When the majority Burman people have been weak, then the minorities have tended to express themselves.
And the net effect of that was to empower the army because only if the army was given more and more power could this insurgence, and this also communist insurgency, be kept at bay.
Press TV: And China watching over this all the time?
Wintle: Well, I can go back to that. But what that meant was that the army got stronger and stronger and stronger so that the coup, when it happened in 1962 under General Ne Win, there was a logic to it because the civilian government just couldn’t cope with all these insurgencies at that time.
To answer your question, yes, China was covertly supporting a communist insurgency.

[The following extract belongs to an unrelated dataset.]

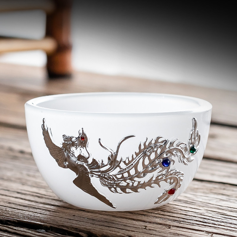 New-Glass-Silver Dragon-Bowl CupNew-Glass-Silver Phoenix-Bowl CupNew-Glass-Silver Hi-Bowl Cup

Now, one of the great things that has happened in the last six months is that whereas there are a number of these ethnic insurgencies groups which had done a ceasefire with the government, there were still some that had not, noticeably the Karen.
The Karen national army has been waging a six year war basically. And suddenly there’s a ceasefire there.
And there’s only really one group now which there is no ceasefire.
But the tension between the majority people and the minority people explain so much of Burma’s not only recent history but entire history and that is if these ceasefires hold, it’s a massive first step forward.
What has to happen is that as the economy opens up, as the sanctions which the European Union, Britain and America have imposed in Burma as they are relaxed and I hope scrapped very quickly, they’ve got to be real economic opportunities for the minority people so that the minority people can feel that they are part of the new happiness, as it were.
And if that is done, then we’re indeed talking about happy days in the next ten years in Burma.
Press TV: Well there’s always a danger of playing off big superpowers or blocs in this way, I want to say daily average wages of USD 2.20 in Burma. When the British foreign secretary or the US secretary of state visits Burma and trade delegations start to arrive as the sanctions go, how confident are you that deals and contracts won’t be sewn up at very low prices as they hedge against China when it comes to what the Burmese think?
Wintle: Well, if you look at Cambodia for example, the big industry there and practically the only industry there apart from agriculture is the garment industry. There are some very well known high street names like Marks and Spencer have garment factories there. And Cambodia doesn’t really have any mineral sources to speak of.
Burma is a very different thing. They’ve got a huge amount of mineral sources; they’ve got a bigger population, a more varied population, etc. Of course, there will be Western countries which will seek to exploit a cheap labor force.
Press TV: Do you see this as part of a non-aligned movement or do you see it as changing very much towards the West? I mean, it’s the “bi-polarity” here that diplomats, I don’t know, behind you in MI5 or further down the river in MI6 is banking. Is that “bi-polarity”?
Wintle: The leaders in Myanmar are very busy making up their minds and they want to be the sort of newest dragon economy on the block. And good luck to them!